**What to work on:**
Would you return the lines that run from the start of the data below to the line with "小野瀬 咲季節さんを姓名の画数から五運を鑑定", both included, exactly as written and without pictures?
********
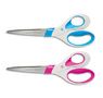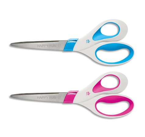 Lames en inox. Anneaux ergonomiques et asymétriques bi-matière. Coloris assortis : blanc/fuchsia et blanc/bleu. Sous blister.
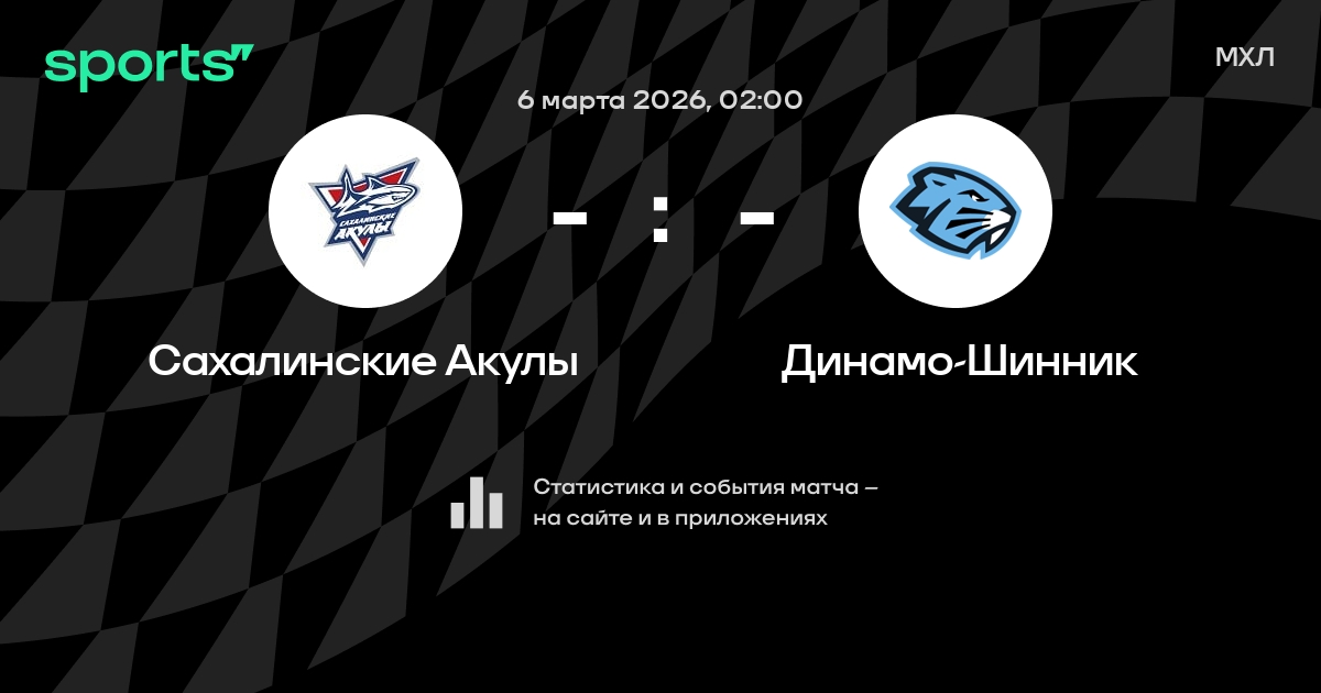 В предстоящем матче в рамках турнира МХЛ пройдет встреча команд Сахалинские Акулы - Динамо-Шинник в городе на стадионе Arena City Yuzhno-Sakhalinsk.
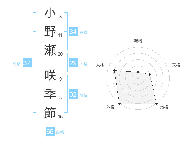 小野瀬 咲季節さんを姓名の画数から五運を鑑定
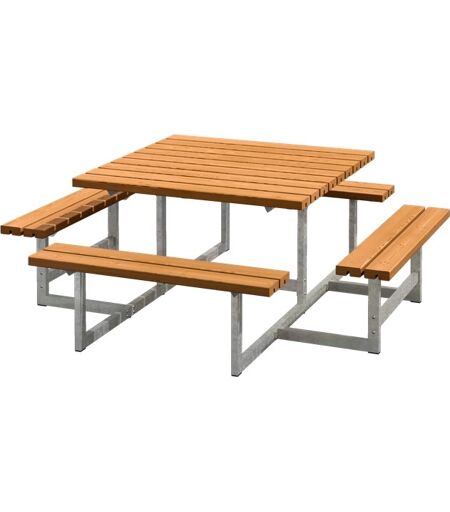 Kvadratisk samtale bord-bænkesæt Kvadratisk bord-bænkesæt med bløde former, som er særdeles velegnet til udeområder, både i virksomheden, institutioner eller privat. Bord-bænkesættet inviterer til socialt samvær med kollegaer, venner eller familie. Sættet er fremstillet i massivt nåletræ med varmgalvaniseret stålstel. Dette havesæt er grundmalet teak, så det fremstår flot og moderne. Se nærmere info om vedligeholdelse og efterbehandling af produkter fra PLUS her. Dette produkt er lavet af FSC®-certificeret nåletræ og andet kontrolleret materiale. 42 mm massive planker i nåletræ Farve: Teak - Nærmeste RAL 1006 (transparent) Overflade: Trykimprægneret og grundmalet teak Dimensioner, bord (LxBxH): 118 x 118 x 73 cm Dimensioner, bænk (LxBxH): 118 x 25 x 45 cm Samlet mål (LxBxH): 200 x 200 x 73 cm Siddehøjde: 45 cm Certificering: FSC MIX 70% Antal siddepladser: 8 Leveres usamlet Vægt: 81,7 kg. ...
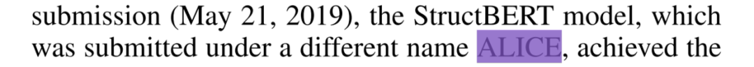 当然,因为好奇达摩院能搞出什么黑科技,一直都想知道 ALICE 到底是什么机制,还根据缩写瞎猜了一通。结果突然看到篇阿里文章,StructBERT: Incorporating Language Structures into Pre-training for Deep Language Understanding,结果看见一行字。
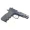 Mecaniquement l'arme est en excellent état, canonnerie parfaite, fonctionne parfaitement en DA et SA. Esthétiquement elle possède des traces de holster qui se traduisent par des traces de frottements et de manque de revetement de surface. A noter quelques coups épars. Visée COMBAT.Approvisionnée par un chargeur 16 coups acier. Plaquette caoutchouc HOGUE en état d'usure normale. Tres bon état esthétique global.
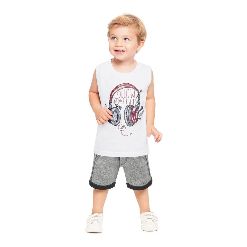 Conjunto Regata e Bermuda Masculina Alakazoo em Meia Malha Penteada e Moletom Linen
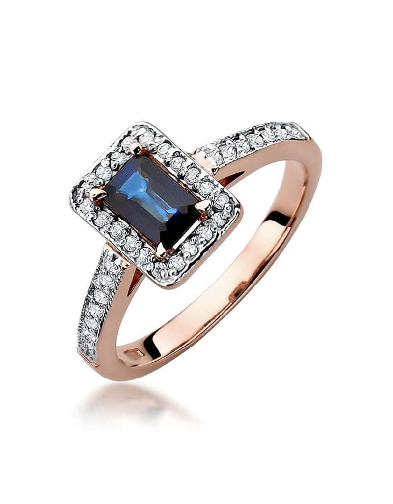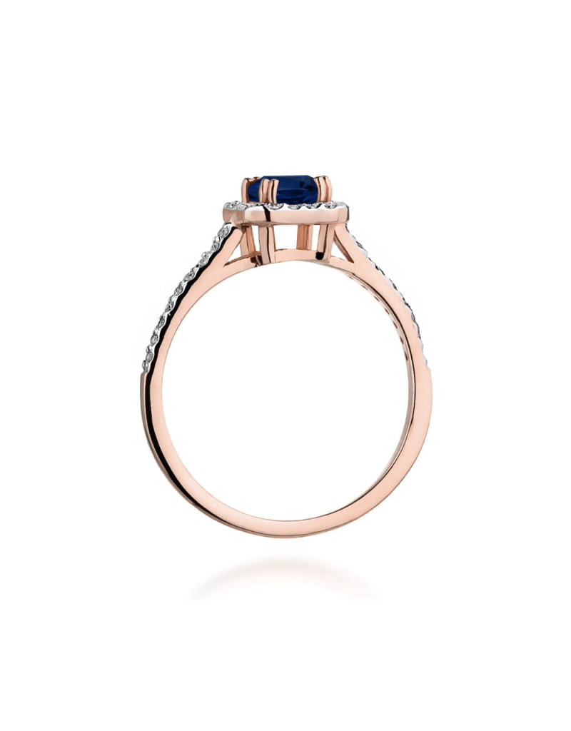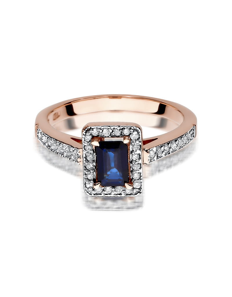 Pierścionek z szafirem i brylantami w różowym złocie, niepowtarzalny wzór, idealnie pasuje na delikatną kobiecą dłoń. Model idealnie łączący tradycje i nowoczesność.
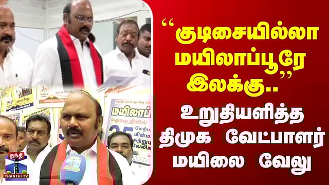 Chennai | DMK | TN Election 2026 | "குடிசையில்லா மயிலாப்பூரே இலக்கு.." | உறுதியளித்த திமுக வேட்பாளர் மயிலை வேலு #chennai #DMK #TNElection2026 #thanthitv குடிசையில்லா மயிலாப்பூரே இலக்கு - திமுக வேட்பாளர் மயிலை வேலு சென்னை மயிலாப்பூர் சட்டமன்றத் தொகுதியில் திமுக சார்பில் மீண்டும் களம் காணும் மயிலை வேலு, தனது வேட்புமனுவை தாக்கல் செய்தார். மனுத் தாக்கலுக்குப் பின் செய்தியாளர்களிடம் பேசிய அவர், "கடந்த 5 ஆண்டுகளில் 5,000 வீடுகளைக் கட்டிக் கொடுத்துள்ளேன், மீதமுள்ள 5,000 வீடுகளையும் கட்டி முடித்து, 'குடிசையில்லா மயிலாப்பூர்' என்ற இலக்கை எட்டுவேன்" என உறுதி அளித்தார். மேலும், கடற்கரையோரம் வசிக்கும் மக்களின் வாழ்வாதாரத்தை உயர்த்தப் புதிய வளர்ச்சித் திட்டங்கள் செயல்படுத்தப்படும் என்றும் அவர் தெரிவித்தார். மயிலாப்பூரில் போக்குவரத்து நெரிசலைக் குறைக்கத் தொடர்ந்து நடவடிக்கை எடுக்கப்படும் எனவும் கூறினார்...
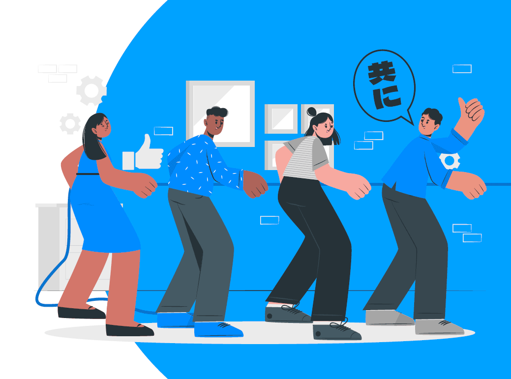 Na língua japonesa, a palavra “tomoni" (共に) significa “junto" ou “com”. Utilizada para expressar a ideia de realizar algo em companhia ou em conjunto com outras pessoas. Ela representa a união e colaboração.
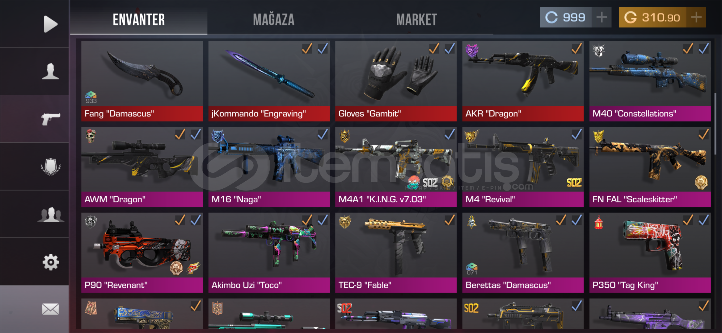 310.90gold,gold pass, açılmamış bir kaç adet gold pass itemi, 4 adet kırmızı öğe, yaklaş...
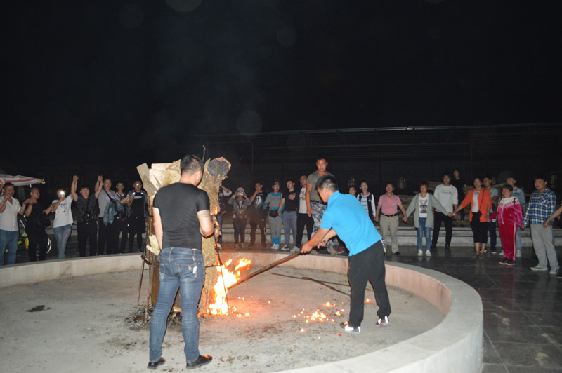 晚飯過(guò)后,大家集合到篝火臺(tái),我們總經(jīng)理“林新峰”先生,堅(jiān)定地點(diǎn)燃了柴堆,隨后一股明亮的火焰騰空而起,人群爆發(fā)出一陣歡呼聲?;鹧嬖饺荚酵?,像一匹奔馳的駿馬,又像迎風(fēng)飛舞的鳳凰。
********
**Solution for this problem:**
 Lames en inox. Anneaux ergonomiques et asymétriques bi-matière. Coloris assortis : blanc/fuchsia et blanc/bleu. Sous blister.
 В предстоящем матче в рамках турнира МХЛ пройдет встреча команд Сахалинские Акулы - Динамо-Шинник в городе на стадионе Arena City Yuzhno-Sakhalinsk.
 小野瀬 咲季節さんを姓名の画数から五運を鑑定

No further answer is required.